Quão de pronto nossos pensamentos se atiram a um novo objeto, erguendo-o por um pouco, assim como formigas que carregam febrilmente uma lasca de palha e depois a abandonam...
Virginia Woolf
Virginia Woolf
A Marca na Parede. Esse é o título de um conto de Virginia Woolf (publicado em 1917), exemplo da sua escrita poética da existência. Enquanto olha um ponto preto na parede, o pensamento passeia pelos mais diferentes temas filosóficos da vida.

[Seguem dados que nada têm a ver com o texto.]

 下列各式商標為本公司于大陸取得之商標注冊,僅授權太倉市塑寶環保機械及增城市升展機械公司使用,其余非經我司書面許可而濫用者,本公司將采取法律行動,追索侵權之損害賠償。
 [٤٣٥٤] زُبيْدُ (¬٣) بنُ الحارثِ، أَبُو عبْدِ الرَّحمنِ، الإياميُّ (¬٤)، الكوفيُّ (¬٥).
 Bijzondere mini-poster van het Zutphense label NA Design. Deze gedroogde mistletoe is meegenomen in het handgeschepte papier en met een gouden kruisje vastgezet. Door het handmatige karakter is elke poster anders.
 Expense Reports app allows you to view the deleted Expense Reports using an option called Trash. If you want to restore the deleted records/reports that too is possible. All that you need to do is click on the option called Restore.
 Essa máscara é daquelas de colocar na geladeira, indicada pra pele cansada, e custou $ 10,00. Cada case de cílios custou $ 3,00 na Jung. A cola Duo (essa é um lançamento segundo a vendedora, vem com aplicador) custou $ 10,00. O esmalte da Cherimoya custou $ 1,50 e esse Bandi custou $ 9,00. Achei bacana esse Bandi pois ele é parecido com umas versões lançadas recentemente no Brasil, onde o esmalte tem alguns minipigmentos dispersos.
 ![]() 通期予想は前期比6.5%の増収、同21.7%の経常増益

Sempre tive uma casa que parecia um mercado de artesanato. Por entre tantos quadros, posters, arte popular, recuerdos de viagem, cartões postais especiais emoldurados, cerâmicas, e tantos outros objetos de valor afetivo.

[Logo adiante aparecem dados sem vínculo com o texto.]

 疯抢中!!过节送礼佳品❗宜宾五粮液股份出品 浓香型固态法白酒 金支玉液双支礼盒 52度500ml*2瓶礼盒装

Como mudei de casa, tudo isso ficou embalado. Quando chego num lugar novo, e não cheguei em muitos, aprecio ficar um tempo com as paredes brancas. O silêncio das cores. O apaziguamento do olhar. E também para sentir o espaço. As paredes. Sem a interferência dos objetos, só o vazio a experimentar.

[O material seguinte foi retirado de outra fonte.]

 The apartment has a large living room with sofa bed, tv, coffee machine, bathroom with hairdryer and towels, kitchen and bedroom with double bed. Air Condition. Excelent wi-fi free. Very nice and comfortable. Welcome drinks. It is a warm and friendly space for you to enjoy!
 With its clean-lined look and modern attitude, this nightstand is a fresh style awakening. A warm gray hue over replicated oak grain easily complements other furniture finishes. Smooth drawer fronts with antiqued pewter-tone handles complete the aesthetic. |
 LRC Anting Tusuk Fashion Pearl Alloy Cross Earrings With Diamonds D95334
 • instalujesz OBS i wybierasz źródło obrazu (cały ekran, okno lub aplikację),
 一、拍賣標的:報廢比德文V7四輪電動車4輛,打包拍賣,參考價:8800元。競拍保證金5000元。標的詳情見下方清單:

Nesse meio tempo, uma faxina. Casa de molduras, novos passpartout, vidros quebrados, quadros danificados, afinal não sou museu e não tenho a expertise para manter intactos as sombras e rastros de uma vida toda. Muita coisa rachou, literalmente, nesse tempo todo meu.
Mas, eis que chega uma hora que as caixas de papelão no meio da sala começam a incomodar. E a tarefa se impõe à minha frente: pregar os quadros nas paredes.
Como tudo na vida, existe um milhão de possibilidades em arrumar os quadros nas paredes. Separados, juntos, medidos, desiguais, combinando, des-combinados, ir-regulares ou não, cores, preto e branco, simétricos, assimétricos...
Como prego quadros? Acho que como um pintor, que vai experimentando as cores com a palheta, os pincéis, e a terebintina. Ou um poeta que pensa nas palavras, lê em voz alta, constrói aqui, para des-truir acolá. E como uma leitora impressionista, vou selecionando os maiores, os mais novos, os mais coloridos, e mais importantes para os espaços principais da casa. E vou pregando, sem medo, arrisco. E logo surge uma nova paisagem, com aqueles objetos que me acompanham toda a vida. Um espelho? Talvez! A minha nora, Bruna, quando entrou em casa, certa vez, à noite, exclamou: “Agora, está a sua cara!” E fiquei me perguntando qual a minha cara? Eu e as paredes? Eu e os objetos? Mas eles estão fora do lugar! Todos misturados. Outras composições. Mas mesmo assim, vou pintando a minha cara!
Um pequeno cartão da Cornualha? Quero logo ali, à minha vista. Para não esquecer de um passeio de cinema – Polperro e as gaivotas. Os pratos de Miguel dos Santos, Maria dos Mares e Chico Ferreira? Na varanda, em meio às plantas. Onde me balanço olhando a lua. Ou simplesmente contemplo a rua. Os pássaros de Bento/Sumé? voando de uma prateleira à outra... ou até a alguns quadros de Flavio Tavares.
Assim como Woolf falando do pensamento, do conhecimento, da natureza e/ou simplesmente a olhar uma marca na parede, eu também tenho as minhas marcas. Nas paredes, ou nos objetos. E ao espalha-las pela casa aleatoriamente, uma nova ordem/vida se constrói. A minha. Única e intransferível. Poderia ser outras? Sim. Outras tantas! Assim como os caminhos que tomamos e as escolhas que fazemos – Corra Lola Corra!
“Ah! a marca na parede? Era um caramujo!”